Stored data entries
=== Begin Enclosure ===

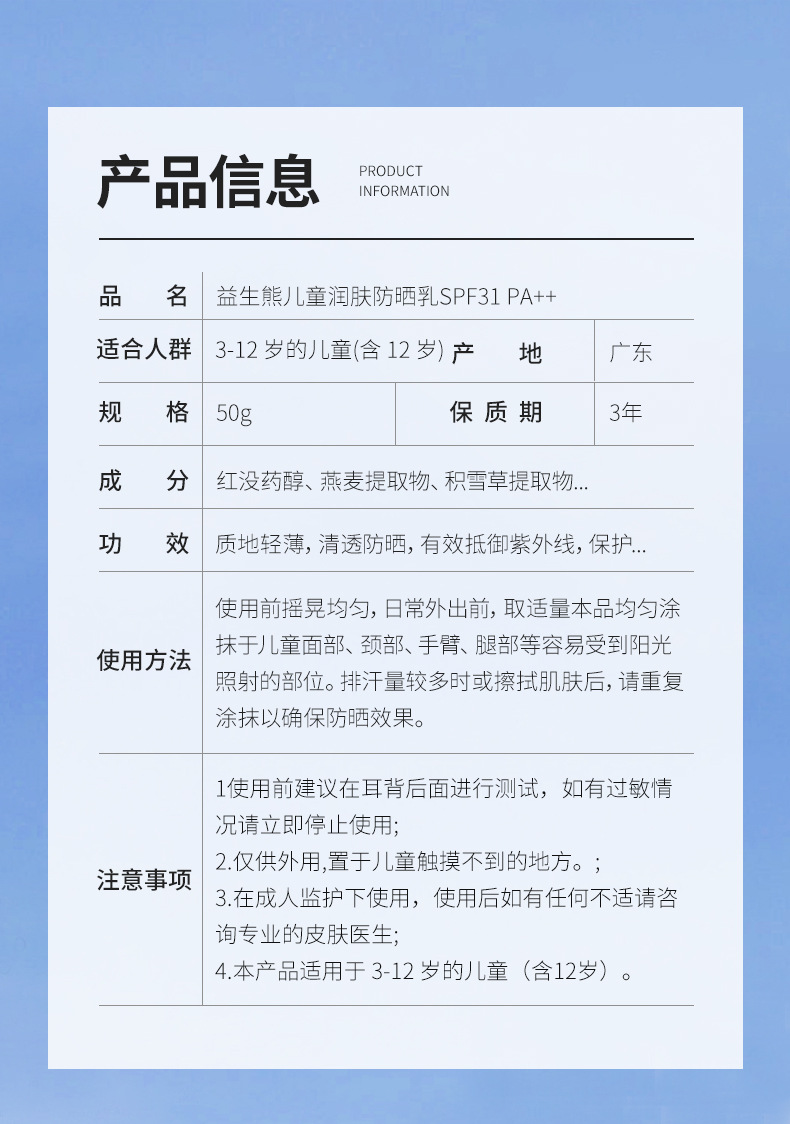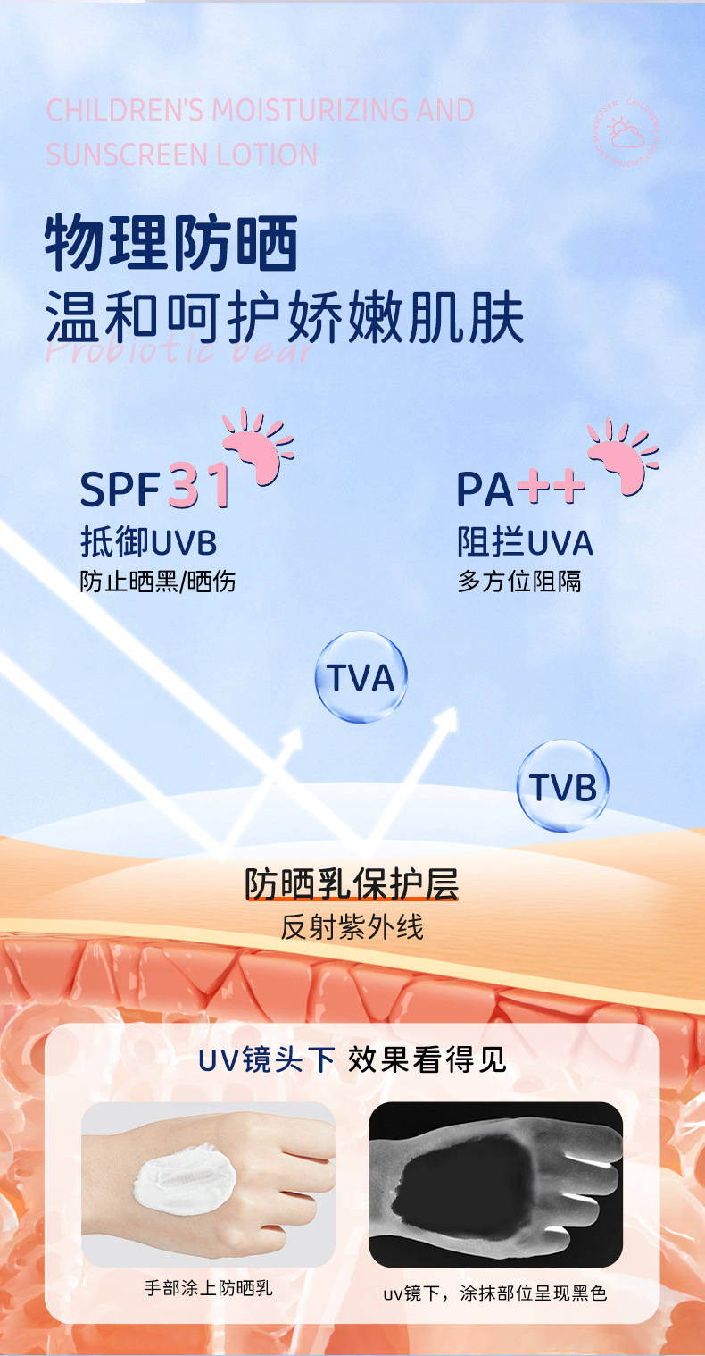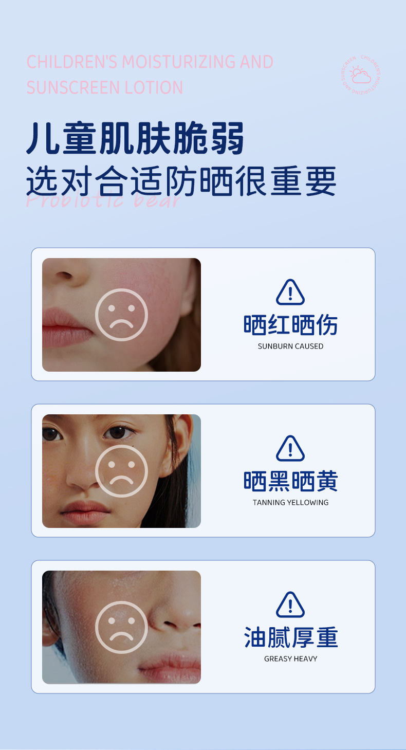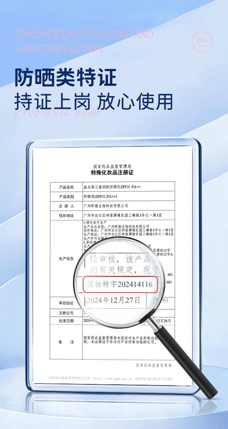[Overseas] Sunscreen Recommendation: Probiotic Bear Children's Moisturizing Sunscreen for Babies, UV Moisturizing Physical, 50g/Style 1 10ea
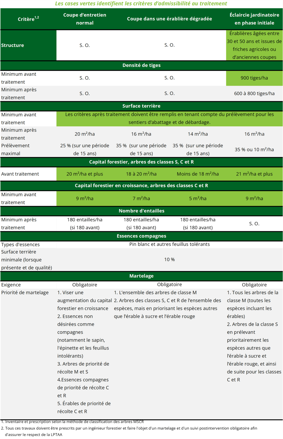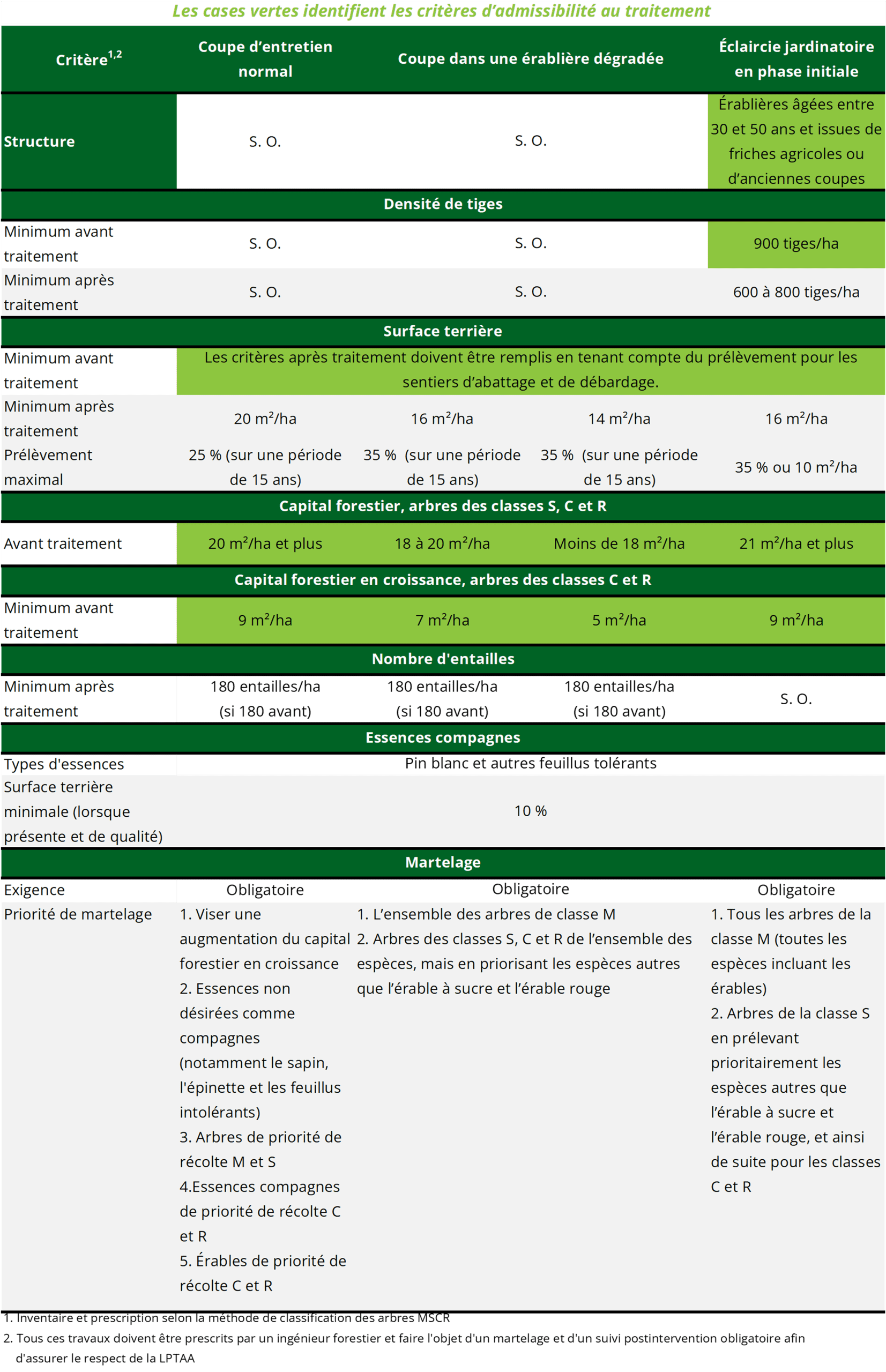 Le prélèvement des tiges, après martelage obligatoire, doit viser en priorité tous les arbres de la classe M (toutes les espèces incluant les érables), puis les arbres de la classe S en prélevant prioritairement les espèces autres que l’érable à sucre et l’érable rouge, et ainsi de suite pour les classes C et R. De plus, la surface terrière minimale après traitement sera de 16 m²/ha, pour une population de 600 à 800 tiges par hectare, avec un prélèvement maximal de 10 m²/ha ou de 35 % de la surface terrière.
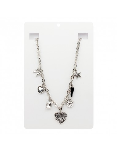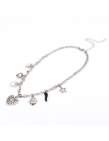 Collar corto de cadena diferenciada con múltiples dijes exclusivos níquel.
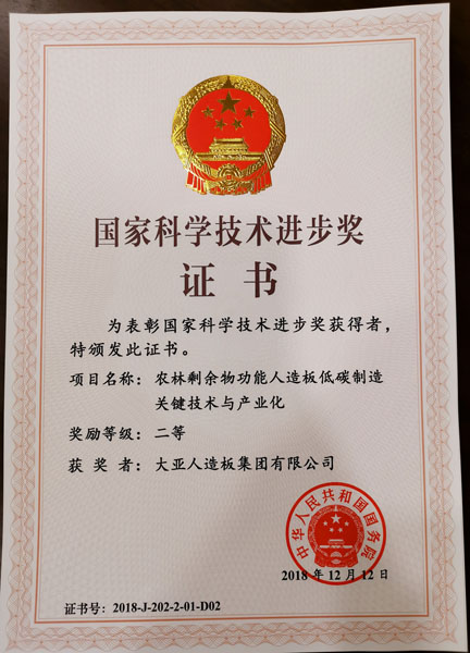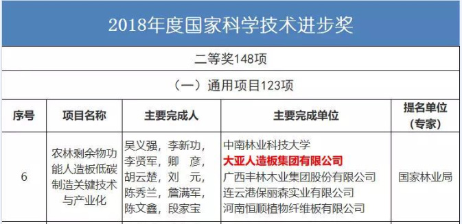 1月8日上午,2018年度國(guó)家科學(xué)技術(shù)獎(jiǎng)勵(lì)大會(huì)在北京人民大會(huì)堂舉行。習(xí)近平、李克強(qiáng)、王滬寧、韓正等黨和國(guó)家領(lǐng)導(dǎo)人出席會(huì)議活動(dòng)。習(xí)近平等為獲獎(jiǎng)代表頒獎(jiǎng)。李克強(qiáng)代表黨中央、國(guó)務(wù)院在大會(huì)上講話。大亞人造板集團(tuán)有限公司參與的“農(nóng)林剩余物功能人造板低碳制造關(guān)鍵技術(shù)與產(chǎn)業(yè)化”項(xiàng)目獲2018年度國(guó)家科學(xué)技術(shù)進(jìn)步二等獎(jiǎng),實(shí)現(xiàn)了大亞人造板集團(tuán)歷史上國(guó)家科學(xué)技術(shù)進(jìn)步獎(jiǎng)零的突破。
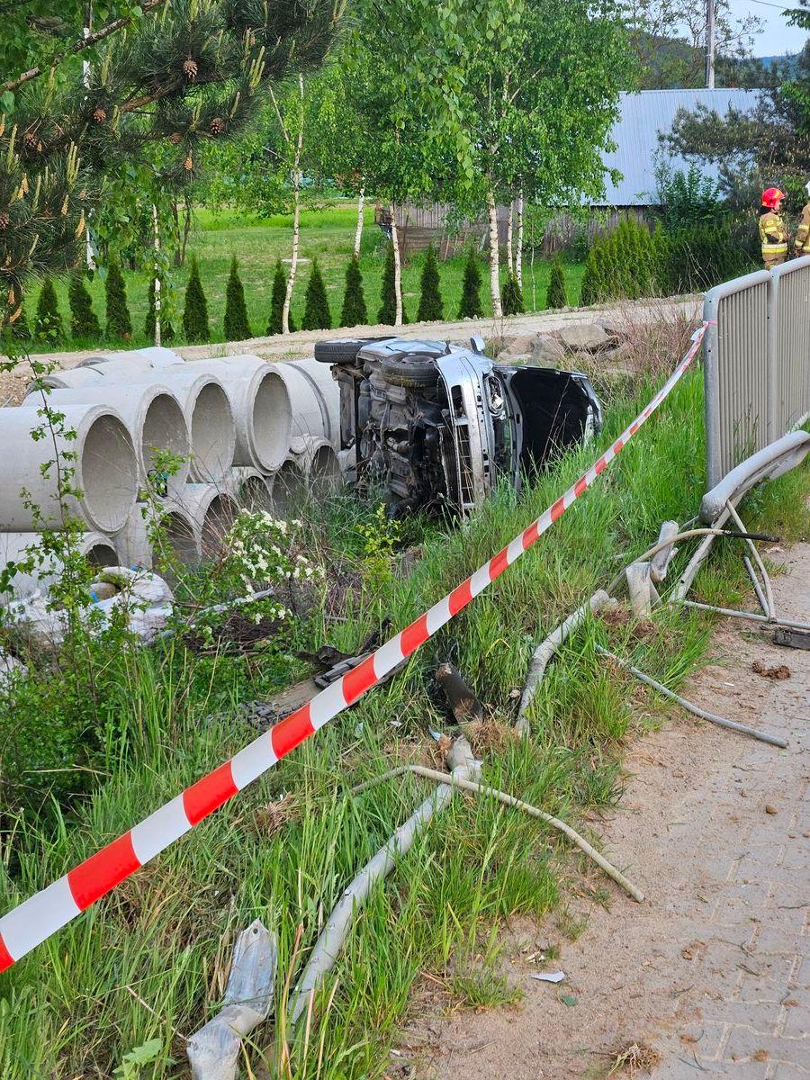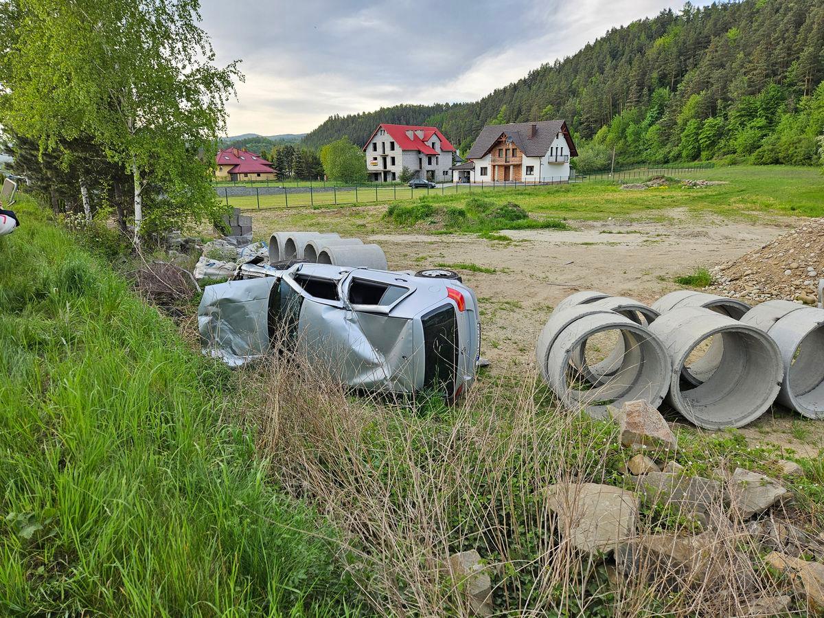 2 maja o godzinie 18.07 zastępy z JRG nr 2 w Nowym Sączu, OSP Łącko oraz OSP Maszkowice zadysponowane zostały do działań w Maszkowicach. Po przybyciu na miejsce zdarzenia ustalono, że samochód osobowy VW Golf wypadł z drogi i uderzył w kręgi betonowe stojące na sąsiedniej działce. W chwili przyjazdu zastępu na miejsce zdarzenia samochód znajdował się na boku a podróżujące nim osoby znajdowały się na zewnątrz. Ratownicy Pogotowia Ratunkowego udzielali pomocy jednej osobie. Działania straży pożarnej polegały na zabezpieczeniu miejsca zdarzenia, odpięciu akumulatora oraz kierowaniu ruchem drogowym, który odbywał się wahadłowo. Sprawdzono pojazd pod kątem wycieków. Osoba po przebadaniu pozostała na miejscu zdarzenia. Zastępy straży pożarnej zakończyły swoje działania i powróciły do bazy. Na miejscu pozostała Policja prowadząc swoje czynności.

=== End Enclosure ===

Assignment: What is needed is an exact copy of the lines above from the one with "Collar corto de" to the one with "1月8日上午,2018年度國", both ends kept, and nothing more; please leave the pictures out.

Solution:
 Collar corto de cadena diferenciada con múltiples dijes exclusivos níquel.
 1月8日上午,2018年度國(guó)家科學(xué)技術(shù)獎(jiǎng)勵(lì)大會(huì)在北京人民大會(huì)堂舉行。習(xí)近平、李克強(qiáng)、王滬寧、韓正等黨和國(guó)家領(lǐng)導(dǎo)人出席會(huì)議活動(dòng)。習(xí)近平等為獲獎(jiǎng)代表頒獎(jiǎng)。李克強(qiáng)代表黨中央、國(guó)務(wù)院在大會(huì)上講話。大亞人造板集團(tuán)有限公司參與的“農(nóng)林剩余物功能人造板低碳制造關(guān)鍵技術(shù)與產(chǎn)業(yè)化”項(xiàng)目獲2018年度國(guó)家科學(xué)技術(shù)進(jìn)步二等獎(jiǎng),實(shí)現(xiàn)了大亞人造板集團(tuán)歷史上國(guó)家科學(xué)技術(shù)進(jìn)步獎(jiǎng)零的突破。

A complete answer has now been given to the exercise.